_DATASET CONTENT:_
+===+

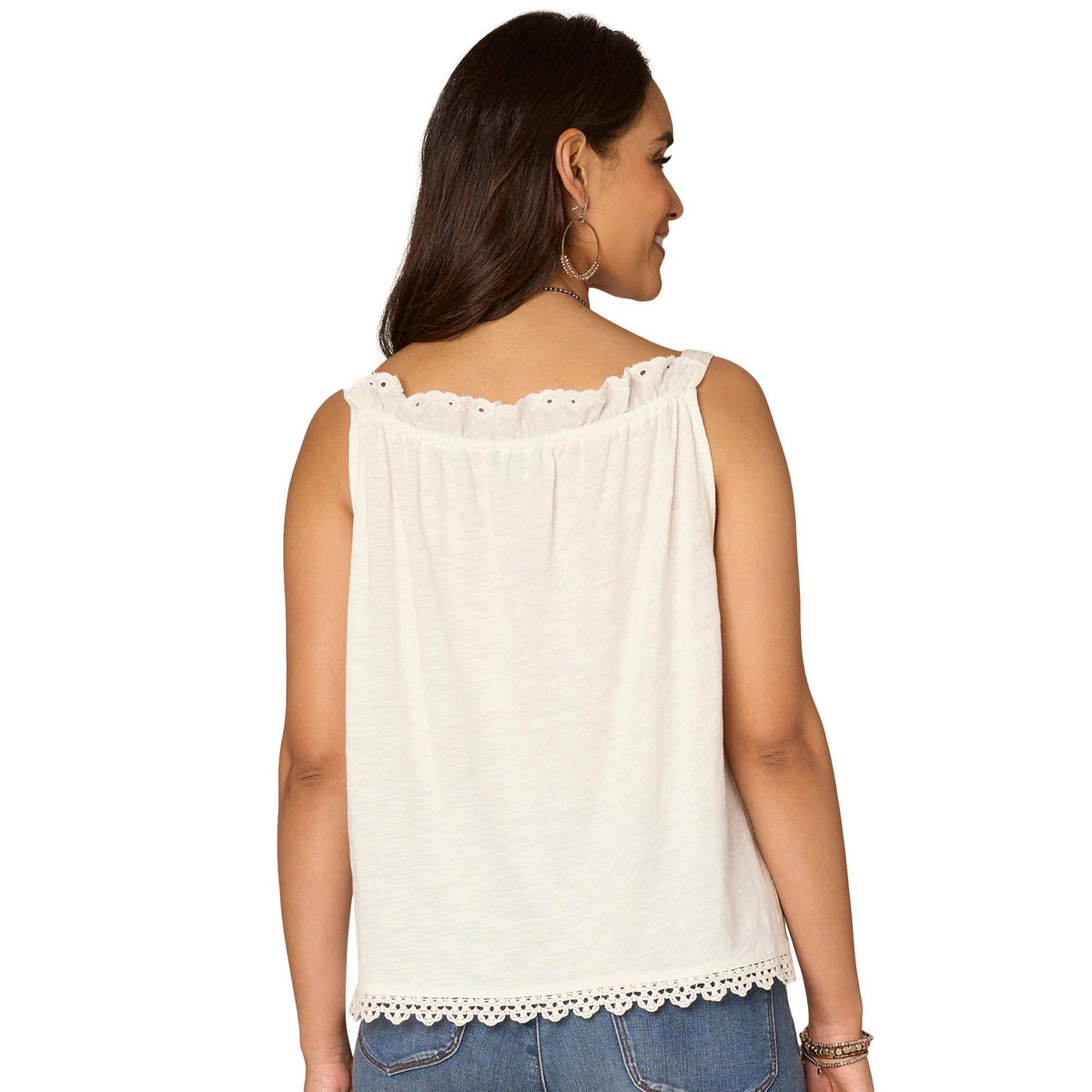 This Womens Democracy ruffles square neck tank top features a flattering square neckline with delicate ruffle details.
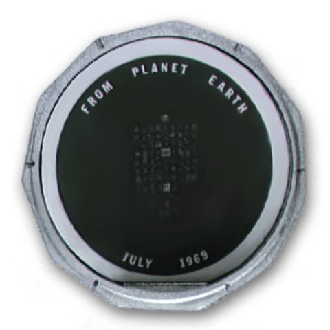 Here Men From The Planet Earth First Set Foot Upon the Moon, July 1969 A.D. We Came in Peace For All Mankind. (Aici Omul De Pe Planeta Pământ A Pus Pentru Prima Dată Piciorul pe Lună, Iulie, 1969, d.Hr. Venim Cu Gânduri Pașnice în Numele Omenirii.)
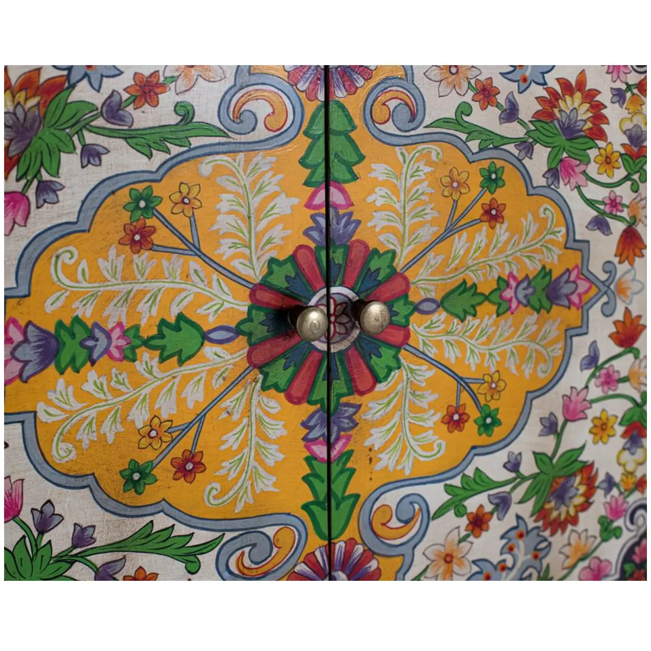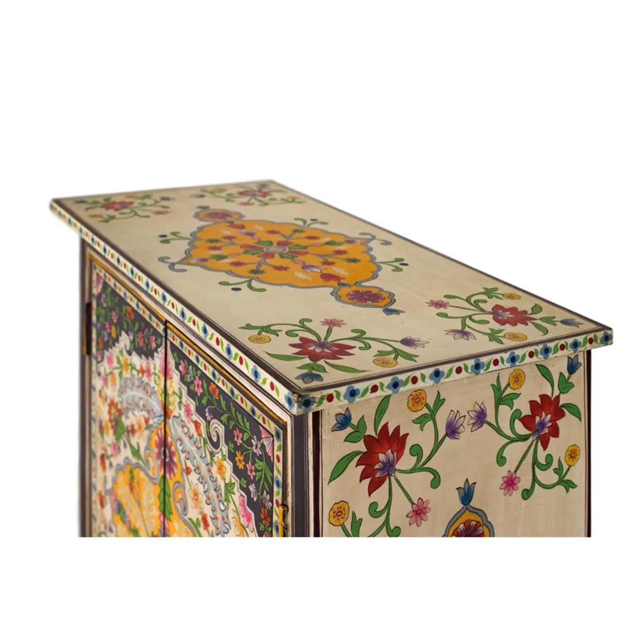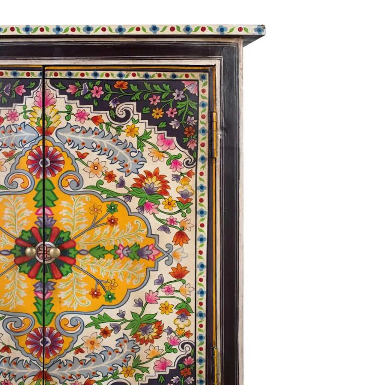 Pintado a mano en su totalidad, el patrón artístico y único que se exhibe es un reflejo de la artesanía detallada. Los motivos variados agregan un toque único y adoptan un papel decorativo, convirtiendo este mueble en más que un simple objeto funcional.

+===+

_ABOUT THIS EXERCISE:_
Keeping pictures out, repeat exactly the lines from the one containing "Here Men From" through the end of the listing.

_ANSWER TO THIS TASK:_
 Here Men From The Planet Earth First Set Foot Upon the Moon, July 1969 A.D. We Came in Peace For All Mankind. (Aici Omul De Pe Planeta Pământ A Pus Pentru Prima Dată Piciorul pe Lună, Iulie, 1969, d.Hr. Venim Cu Gânduri Pașnice în Numele Omenirii.)
 Pintado a mano en su totalidad, el patrón artístico y único que se exhibe es un reflejo de la artesanía detallada. Los motivos variados agregan un toque único y adoptan un papel decorativo, convirtiendo este mueble en más que un simple objeto funcional.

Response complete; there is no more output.